My life in brief
Before I started writing, I would often sit and ponder what it was I truly wanted to do with my life. To be really honest I used to sit and think about a lot of things and spend most of my valuable time lost in thought.
When my daughter was born nearly a decade ago, I left employment in search of wealth to give her a better life and childhood than the one I had. I was in IT Services at the time and naturally set up an IT consultancy. It was quite a successful business and we could include a royal household in a list of clients.
The problem was, I hated everything about it, although I did not know this at the time. This may sound ungrateful but providing services for systems that have a high dependency need for a money making businesses just brings out the worst of humanity. Everyone treated us like it was our fault the systems had malfunctioned in some way.

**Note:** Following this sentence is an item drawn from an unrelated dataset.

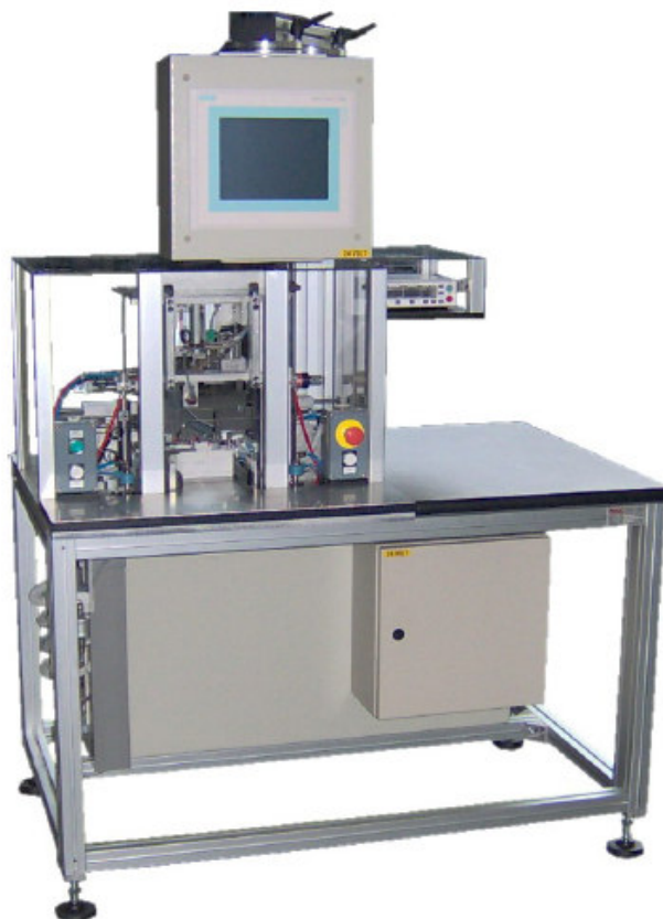
Esempio tipico di un'apparecchiatura dedicata al collaudo in automatico di interruttori magnetotermici.

MCB è in grado di fornire sistemi automatizzati completi anche in caso di test per interruttori con un ciclo di manovre meccaniche (per esempio apertura e chiusura e sgancio dell'interruttore, ecc).

Even though I was earning incredible wages, I used to get into the car park, look at our gorgeous offices and just think “god I hate my job”.
This lack of gratitude crept into every aspect of my life. Anyone one on the outside looking in at my life with perspective would see, I had a girlfriend and daughter who are both as beautiful on the inside as they are on the outside, they both adored me and supported me. I had a dog who was like a second born child and was as happy to see me if I leave the room for two minutes and returned than if I had just reappeared from a year long vacation. I had an amazing job by most people’s standards, I had a workplace environment anyone would envy and a stunning home in the country.
But I am unhappy, what the actual fuck? Instead of enjoying my time and been grateful for my blessings, I used to sit thinking. I thought about been wealthy and the ways I could achieve this. I thought about the mistakes I had made in choosing my career. I thought about what I wanted to do and how it was impossible to do it with all my financial commitments. I thought about my families safety. I thought a lot about why I was so unhappy. If there was a negative thought, I thought about it.
The issue is, I was always aware of the outside person looking in. I built my life thinking of their perception, not really taking into account what made me happy.
The one thing I did not do, was enjoy what I had. Instead of enjoying the income and spending time with my family, I chose to stay in my mind, thinking.
I was however, very functional at work though, you see I loved a task list. Tasks lists are amazing things and this little gem would allow me to take my mind off thinking and free me some time to achieve wealth, well that is what I used to think (you see the irony here).